Yes, albuterol (salbutamol INN name) does give you an advantage beyond opening your airways, it has anabolic properties. Iban Mayo was caught using it, blocking his chances of a comeback. Advair contains a glucocorticoid (fluticasone) and another bronchodilator similar to albuterol. Glucocorticoids are efficient for doping if you take the as pills or by injection, but I have no idea if you can get systemic effect of glucocorticoids by inhaling. I also don't know if salmeterol has the same anabolic properties as albuterol, and who cares anyway. It would be crazy for an asthmatic not to take these substances. If you really care for doping, why stick to asthma inhalers? So you can cough up (pun intended) a nice, believable excuse?


----------



## doogiepa (Dec 2, 2008)

tricycletalent said:


> Yes, albuterol (salbutamol INN name) does give you an advantage beyond opening your airways, it has anabolic properties. Iban Mayo was caught using it, blocking his chances of a comeback. Advair contains a glucocorticoid (fluticasone) and another bronchodilator similar to albuterol. Glucocorticoids are efficient for doping if you take the as pills or by injection, but I have no idea if you can get systemic effect of glucocorticoids by inhaling. I also don't know if salmeterol has the same anabolic properties as albuterol, and who cares anyway. It would be crazy for an asthmatic not to take these substances. If you really care for doping, why stick to asthma inhalers? So you can cough up (pun intended) a nice, believable excuse?



I disagree with most of the above. First of all, I have NEVER heard that any bronchodilator will give you an advantage unless you have an underlying lung condition (eg asthma). I don't believe it has any "anabolic" properties whatsoever. Maybe might help recovery a smidge if you really work hard in an area with lots of air pollution, maybe? But that's really a stretch.

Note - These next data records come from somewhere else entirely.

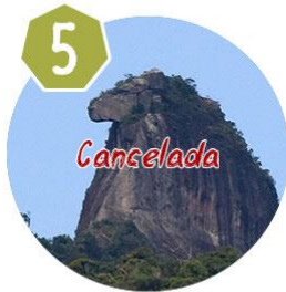
Pico do Papagaio - Ilha Grande/RJ 23/05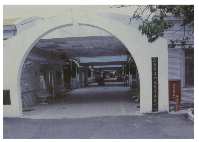
◀▲馬蘭榮家附設慎修養護中心。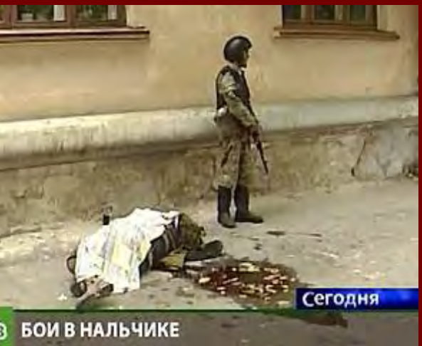
БОИ В НАЛЬЧИКЕ

Similarly, glucocorticoids, which are CATABOLIC steroids, not ANABOLIC steroids, probably give NO benefit either, in athletic performance. If anything, they break down muscle and give you a disadvantage!!


----------



## tricycletalent (Apr 2, 2005)

doogiepa said:


> I disagree with most of the above. First of all, I have NEVER heard that any bronchodilator will give you an advantage unless you have an underlying lung condition (eg asthma). I don't believe it has any "anabolic" properties whatsoever. Maybe might help recovery a smidge if you really work hard in an area with lots of air pollution, maybe? But that's really a stretch.
> 
> Similarly, glucocorticoids, which are CATABOLIC steroids, not ANABOLIC steroids, probably give NO benefit either, in athletic performance. If anything, they break down muscle and give you a disadvantage!!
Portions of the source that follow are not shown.